What makes for a positive family holiday?

What makes for a positive family holiday
What makes for a positive family holiday

Most of us are in the holiday mode at the moment. Who doesn’t dream of that perfect family break at the seaside with children building sandcastles, teenagers enjoying boogie-boarding, and parents sipping a glass of wine under a parasol?

Yeah, right. Meanwhile… Airport queues, re-packing overweight baggage in front of hundreds of people, screaming children demanding water/juice/sweets/that toy, waiting ages for your transfer, heat, no parasols on the beach even if you get up at 7h00, tummy bugs, loud music you can’t stand, and your kids coming back for money because even in all-inclusive options, most of the good things are somehow not included. And if you decide to give package holidays a miss, you face traffic jams, children bored to death, food shopping, spectacularly expensive restaurants, plus cooking, cleaning and ticking boxes on a house items inventory, wondering what could have happened to 50 per cent of the forks in the space of just two weeks.

A happy holiday matters to our wellbeing. It helps us prioritise needs at an individual level and to recover to face a busy year ahead. But Professors Kühnel and Sonnentag from Mannheim University, Germany, have shown that the positive effects of holidays do not last long. Although exhaustion drops dramatically right after a two-week break, two weeks later it’s already on the up, reaching exactly the same point where it was before the vacation only four weeks after your return.

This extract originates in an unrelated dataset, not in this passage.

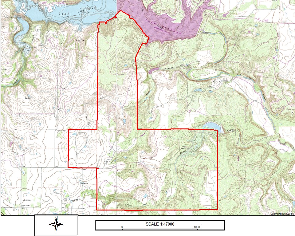 Description: The Walking Three Ranch was once a part of the Joseph Phillip Morris Ranch land that was established in 1883 in Coleman County. This original Morris Ranch was 100,000+ acres in size and was divided among J.P. Morris six children in 1922. The Walking Three Ranch is unique because it lies along the southern shore of Lake Coleman and has 2 +- miles of deep water frontage. This scattered oak shoreline also features a mildly sloping elevation change of 150 feet. A top the oak-lined ridge are numerous, beautiful building sites overlooking the lake, with views for miles. Lake Coleman was impounded in 1966 with maximum water depth of 48 feet and has a surface area of approximately 2000 acres. The Texas Parks and Wildlife rate Lake Coleman for Largemouth Bass, Hybrid Striped Bass, and Flathead Catfish as good to excellent and Florida Bass were introduced in 1985. The Walking Three Ranch is ideal for the hunter or cattleman and is fenced and cross fenced into 6-7 pastures. It has 350 +- acres of cultivation scattered throughout, with fields ranging in size from 35 to 100 +- acres making it ideal for food plots for wildlife or winter wheat for cattle. Elevation changes from 250 +- feet can be found across the ranch.

So here is what I learned from holidaying with five children that I now use as my precious family vacation guide:

Think simple

We are often mesmerized by pictures of exotic foreign lands and forget to factor in lengthy, complicated arrangements that we must make to get there. Travel time reduces the days of the vacation and increases fatigue.

Think light

We have a simple rule – one medium-sized suitcase per two children to keep the overall number of items down. Five t-shirts, three pairs of shorts and one pair of trousers should usually do the trick. Girls (myself included) are allowed to add three dresses, carefully keeping footwear under control…

Think challenge

Rest and relaxation are important for a good break. But once their desirable level is achieved, we’re ready to explore, to
be engaged and surprised. We want to be fully absorbed by something; to be in a state of flow. Highly flow-conducive activities involve a challenge, which tests us – but doesn’t exceed our capabilities. So think of activities that involve exploration, action, adventure, and surprise, trying something new, doing something you didn’t think you could do.

Think of the end

According to the Peak-End Rule, our evaluation of a past event is shaped by the peak times (pleasing or repelling) and by the way it ended (high or low). Apart from recalling peak moments, we tend to remember a holiday by how we felt at the end of it. So choose activities likely to deliver some truly special moments and end your vacation on a high, as this is what will determine the memory of that holiday experience.